Stored data entries:
+ + + + + + +
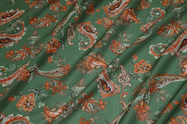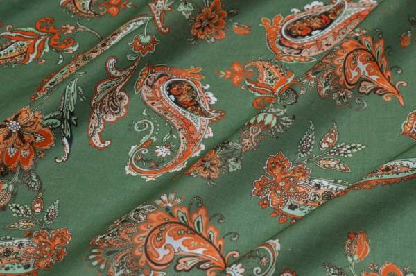 Vendita online cotoni fantasie varie tessuto batista puro cotone disegno cashmere arancio e verde - Tessuti & Stoffe
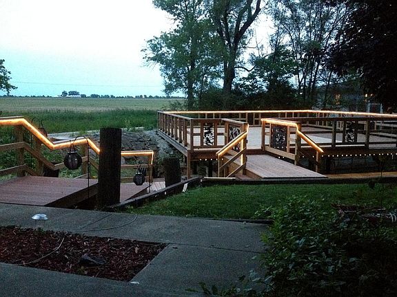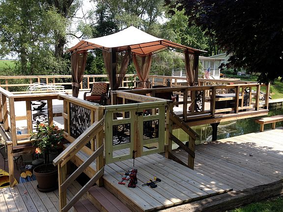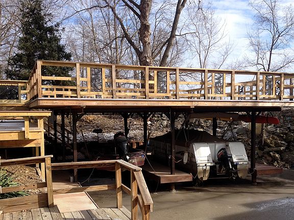 Beautiful Lake Home. Includes extra lot with 2 car garage. New steel shorewall with two slip covered dock, multiple decks including enclosed top 1,000 sf party deck. Multi tier stone landscape. Covered patio, new stone deck with built in fire pit. Large storage shed.
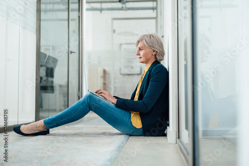 senior, businesswoman, using, laptop, floor, office, copy space, technology, 1, people, computer, communication, adult, online, business, woman, working, occupation, job, workplace, sitting, flooring, wireless, connection, cyberspace, ground, grey hair, caucasian, blazer, jacket, corridor, female
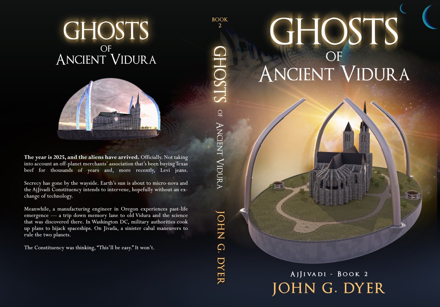 Meanwhile, a native human experiences past-life emergence — recalling old Vidura and the principles of trans-dimensional physics. At a furloughed missile launch site in Nevada, an AjJivadi workforce, long barred from Earth tourism, is going on vacation, campsites popping up like mushrooms after a soaking rain. The ghosts of ancient Vidura have returned.
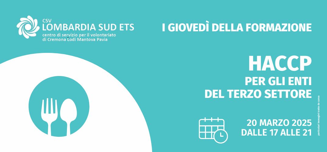 I Giovedì della Formazione: corso online 20 marzo dalle 17.00 alle 21.00 “HACCP per gli ETS”
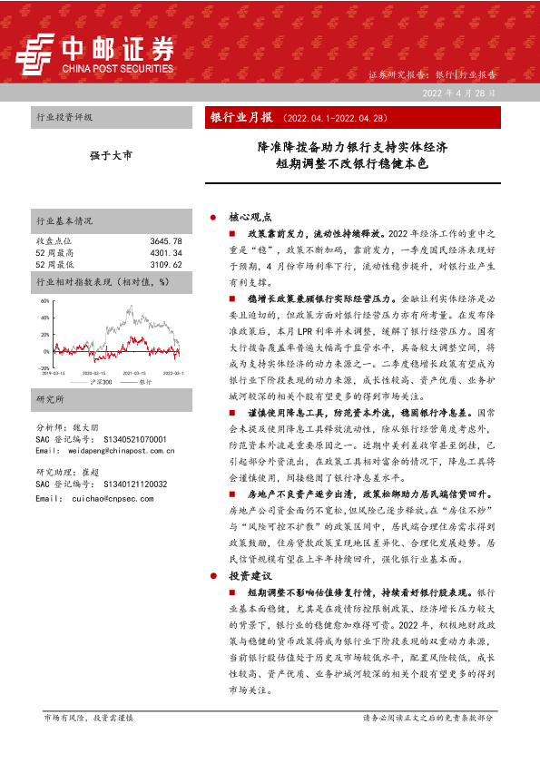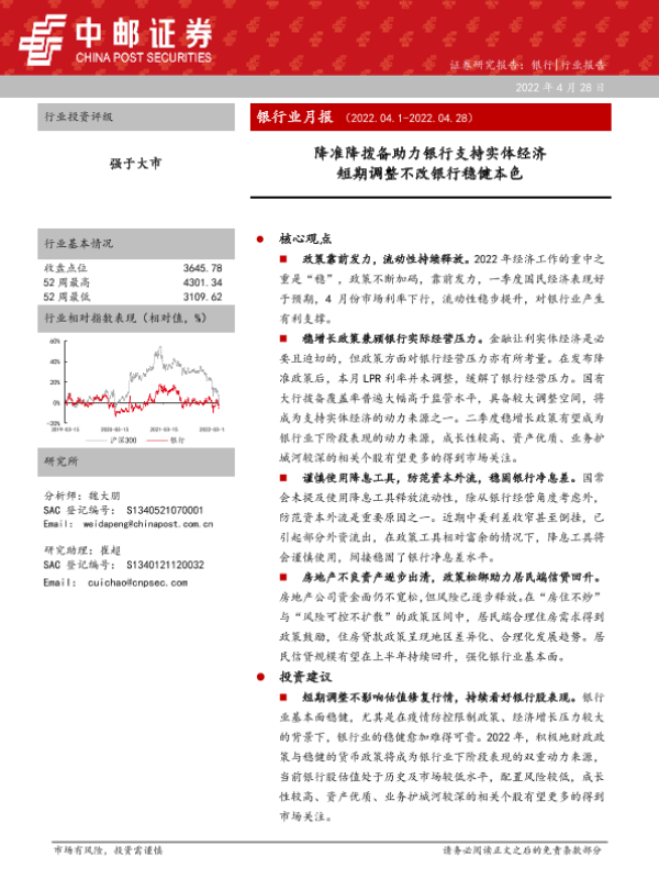 【中邮证券】【20220428】银行业月报:降准降拨备助力银行支持实体经济,短期调整不改银行稳健本色-34页
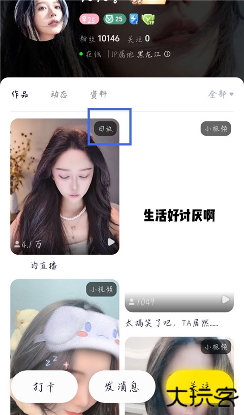 3、进入主播主页,在【作品】栏,点击标回放字样的视频就是直播回放了,点击观看即可。
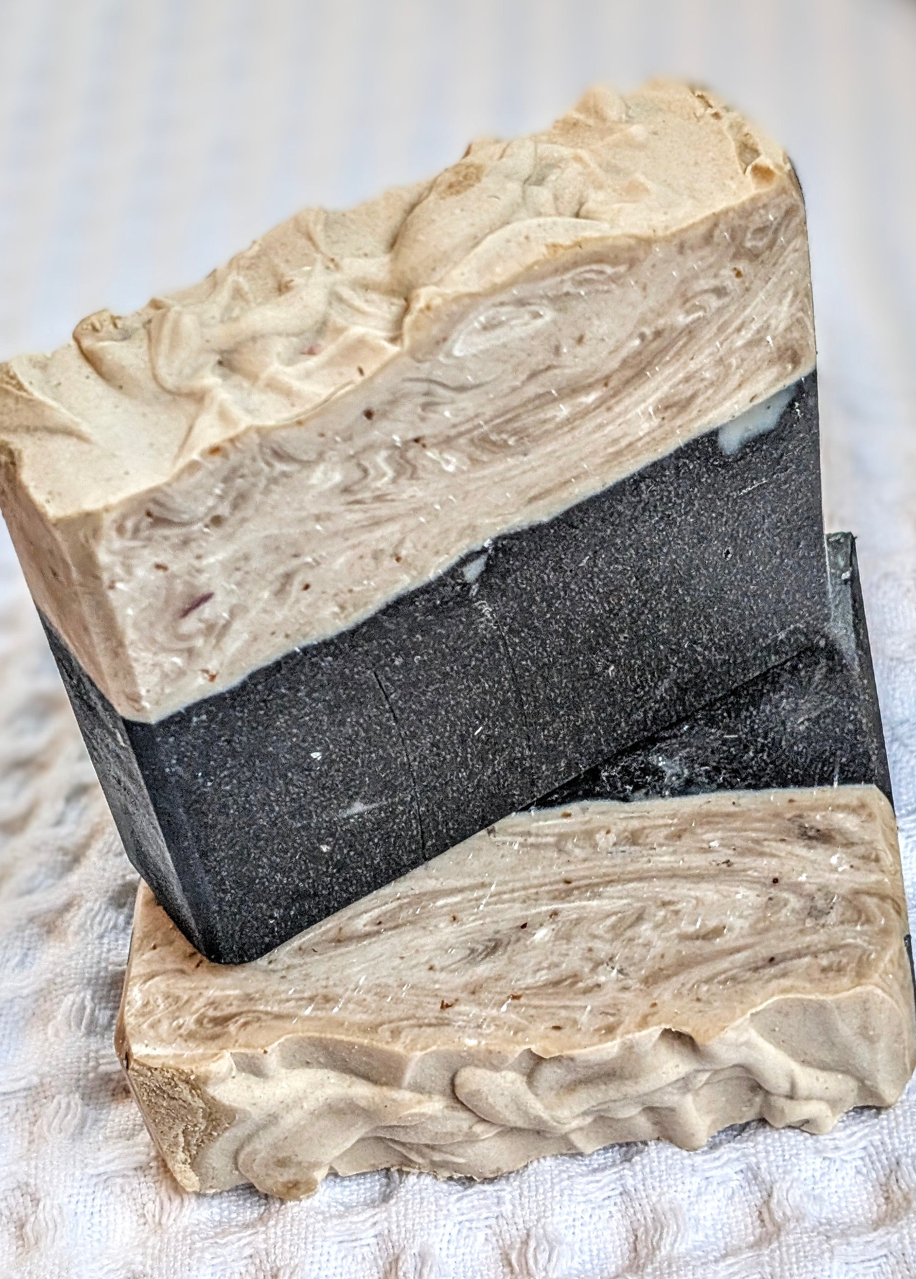Mellow Oatmeal tops Power Wash in this cleansing activated charcoal and tea tree oil bar with crushed walnut shells and Shea butter!
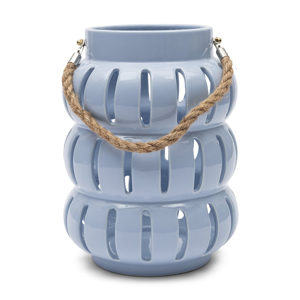Lucerna Éclat v modré barvě je letním doplňkem vašeho interiéru. Světle modrý odstín je ideální pro novou sezónu a vyzařuje osvěžující atmosféru. Je vyroben z keramiky s jemnou světle modrou povrchovou úpravou, doplněn provazovou rukojetí a hliníkovými akcenty.Doplňkové parametry
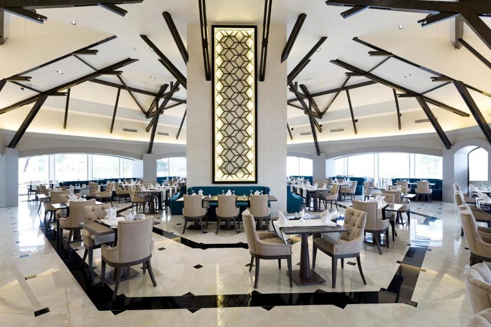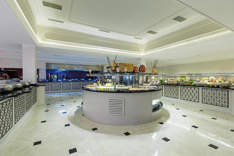 Хотелът разполага с основен ресторант, 2 а`ла карт ресторанта - рибен и турски (с предварителна резервация). Lobby Bar – работи денонощно, Бар при басейна 10:00-00:30 ч.; Lunch бар 10:00-00:30 ч.; Laduree 12:00-17:30 ч.; Снек бар 12:00-17:00 ч.; Бар на плажа 09:00-18:30 ч., (безалкохолни напитки, бира, вино); Диско бар 23:00-02:00 ч. База на изхранване UAI включва закуска, обяд и вечеря на шведска маса, междинни хранения, местни алкохолни и безалкохолни напитки - без лимит (24 часа).
+ + + + + + +
Directions:
Although pictures appear among the records above, none are to be output; print exactly the lines from the line containing "senior, businesswoman, using, laptop, floor, office, copy" through the line containing "Mellow Oatmeal tops".

Response to the task:
 senior, businesswoman, using, laptop, floor, office, copy space, technology, 1, people, computer, communication, adult, online, business, woman, working, occupation, job, workplace, sitting, flooring, wireless, connection, cyberspace, ground, grey hair, caucasian, blazer, jacket, corridor, female
 Meanwhile, a native human experiences past-life emergence — recalling old Vidura and the principles of trans-dimensional physics. At a furloughed missile launch site in Nevada, an AjJivadi workforce, long barred from Earth tourism, is going on vacation, campsites popping up like mushrooms after a soaking rain. The ghosts of ancient Vidura have returned.
 I Giovedì della Formazione: corso online 20 marzo dalle 17.00 alle 21.00 “HACCP per gli ETS”
 【中邮证券】【20220428】银行业月报:降准降拨备助力银行支持实体经济,短期调整不改银行稳健本色-34页
 3、进入主播主页,在【作品】栏,点击标回放字样的视频就是直播回放了,点击观看即可。
Mellow Oatmeal tops Power Wash in this cleansing activated charcoal and tea tree oil bar with crushed walnut shells and Shea butter!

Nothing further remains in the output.